Patch 2926 handles the opposite case, where servers and clients are separate. The same convergence behavior mentioned above was causing strange inconsistencies in performance runs. Sometimes (if clients happened to divide themselves evenly across replicas) performance was really good; other times (if clients happened to converge on the same – usually first – replica) it was really bad. The new method uses hashing to ensure that both one client accessing multiple files and multiple clients accessing the same file will distribute that access across replicas. If hash-based random distribution is good enough for DHT, it’s good enough for AFR as well.

Patch 3004 deals with distribution rather than replication, and it might be the most interesting of the three, but by itself doesn’t tell the whole story of what I’m up to. ALl the patch does is support a “layout” type (see my article about distribution) that the built-in rebalance infrastructure will leave alone. Thus, if you want to create a carefully hand-crafted layout for a directory so that all files go to bricks in a certain rack, you’ll be able to do that safely. More importantly, it provides the essential “hook” for experimenting with different rebalancing algorithms. I already have a Python script that can calculate a new layout based on an old one, with two twists.

  • It checks the brick sizes, and generates a new layout with the hash ranges weighted according to those sizes. This improves behavior when bricks are different sizes – as is often the case when the new batch of disks is 50% larger than the batch purchased a year ago.
  • It also tries to build a new layout that minimizes the data motion coming from the old one. The built-in algorithm is a bit stupid this way, tending to move (N-1)/N of the data when you add brick N. For large N, this means a pretty complete reshuffling of your data. The new algorithm seems to converge on moving only about 40% of the data if you want a “perfect” final result, or all the way below 10% if you’re willing to sacrifice a bit of “accuracy” to minimize the disruption associated with data migration.
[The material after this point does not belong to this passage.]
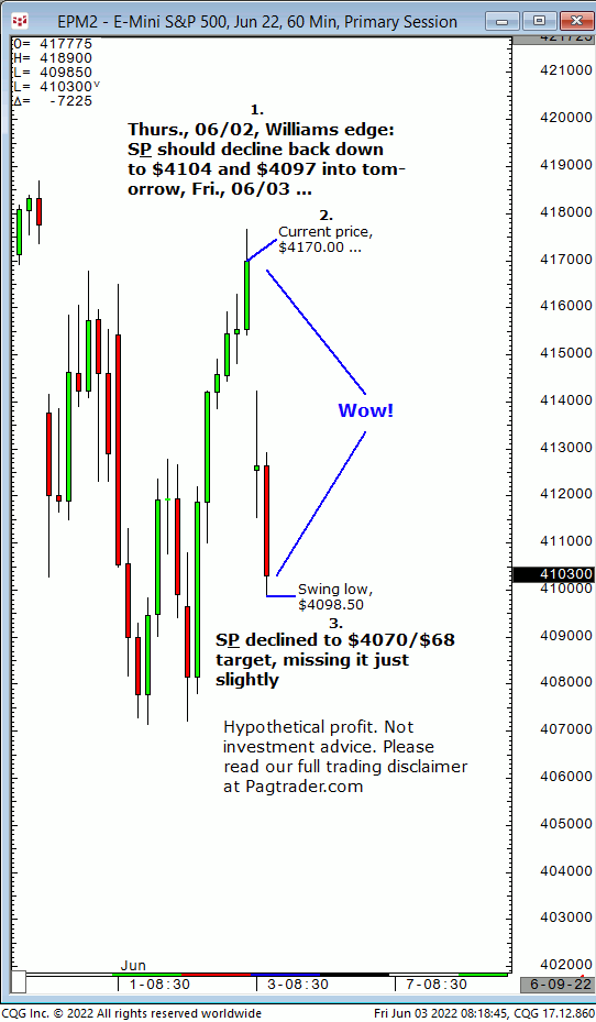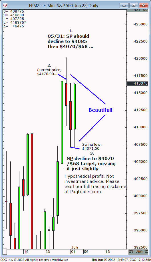 Thurs., 06/02: S&P should decline back down to $4104/$4097 into tomorrow, Fri., 06/03. Result? Today the S&P declined to $4104 and made a swing low of $4098.50!

The one thing that was missing was a way to apply these changes and make them stick. Once we have that, what I envision is a three-step approach to adding bricks. Sometimes you might not migrate any data at all; you just adjust the layouts to prefer placement of new data on the new bricks (a very small tweak to the total-size-based weighting I’ve already implemented). If you want to be a bit more aggressive about rebalancing, you can do the low-data-movement kind of rebalancing which will get you pretty close to an optimal layout. Then, perhaps during planned downtime or predictable low-usage periods, you do the full rebalance to ensure fully optimal placement of data across your cluster.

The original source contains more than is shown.